Day 10 - K Nearest Neighbors and Evaluating Classification Models

Oct. 8, 2020

CMSE logo

Administrative

From Pre-Class Assignment

Useful Stuff

  • Videos were useful, but they were a little long
  • I have a better idea of how we are evaluating classification models

Challenging bits

  • There's so much terminology, do I have to remember it all?
  • I'm still confused about the ROC and what it is doing.
  • How is KNN a binary classifier?

The Confusion Matrix

from sklearn.metrics import confusion_matrix
tn, fp, fn, tp = confusion_matrix(y_true, y_predicted)
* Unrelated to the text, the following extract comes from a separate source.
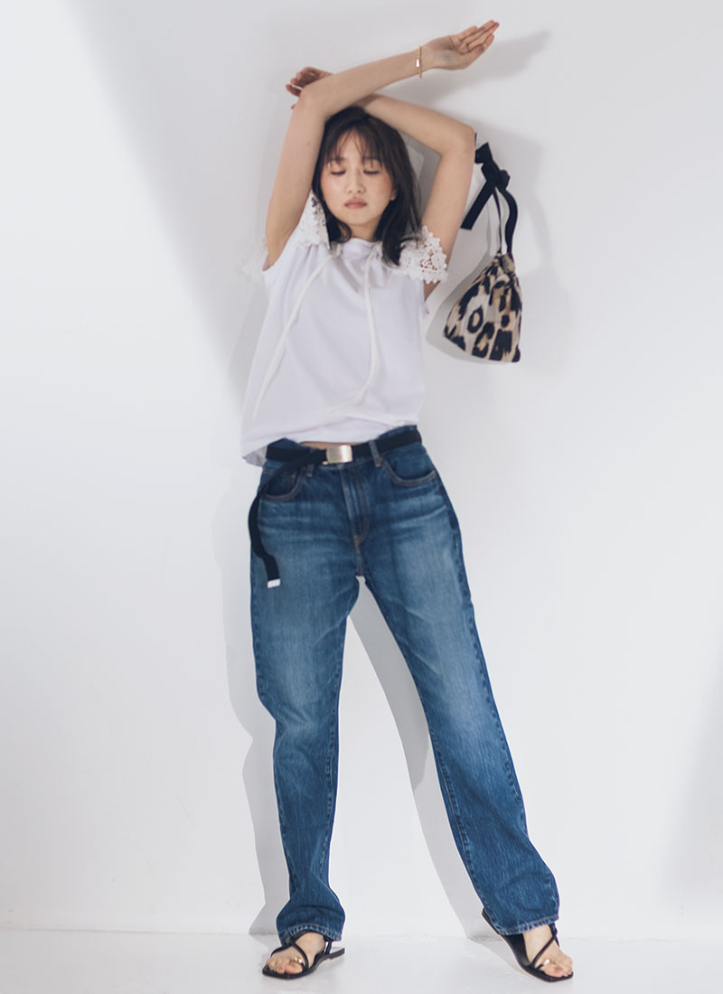 メンズのデニムパンツ¥3,990(ユニクロ)2枚組のカットソー¥3,080(ヘインズ/ヘインズブランズ ジャパン カスタマーセンター)付け衿¥3,190(アズ ノウ アズ ピンキー/AS KNOW AS)ベルト¥2,090(サンタモニカ 表参道店)バッグ¥6,050(ダブルスタンダードクロージング/フィルム)サンダル¥46,200(サクラ/インターリブ)
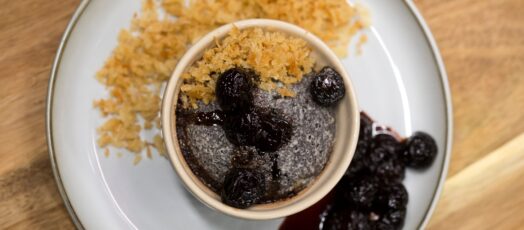 Mákfelfújt vajas pankó morzsával, portóis meggyel

Note the rows and columns of the confusion matrix from sklearn do not match those show on most websites.

Other Metrics

  • Sensitivity (Recall): The ratio of True Positives to all Positive Cases $\dfrac{TP}{TP+FN}$
  • Specificity: The ratio of True Negatives to all Negative Cases $\dfrac{TN}{TN+FP}$
  • Precision: The ratio of True Positives to all Predicted Positives: $\dfrac{TP}{TP+FP}$

  • $F_1$ Score: A balanced measure (0 to 1) that includes sensitity and recall: $\dfrac{2 TP}{2TP + FP + FN}$

ROC Curve and AUC

from sklearn import metrics
fpr, tpr, thresholds = metrics.roc_curve(y_true, y_predict)
roc_auc = metrics.auc(fpr, tpr)
plt.plot(fpr, tpr)

KNN as a Binary Classifier

A Heads Up for Today

Working with Pima Diabetes Database, which has problems (zeros for various entries). We have given you a cleaned data set on D2L (you will need to download it again!).

You can skip 2.1 and 2.2 today and go to 2.3; we will discuss how to clean that data after class.

Questions, Comments, Concerns?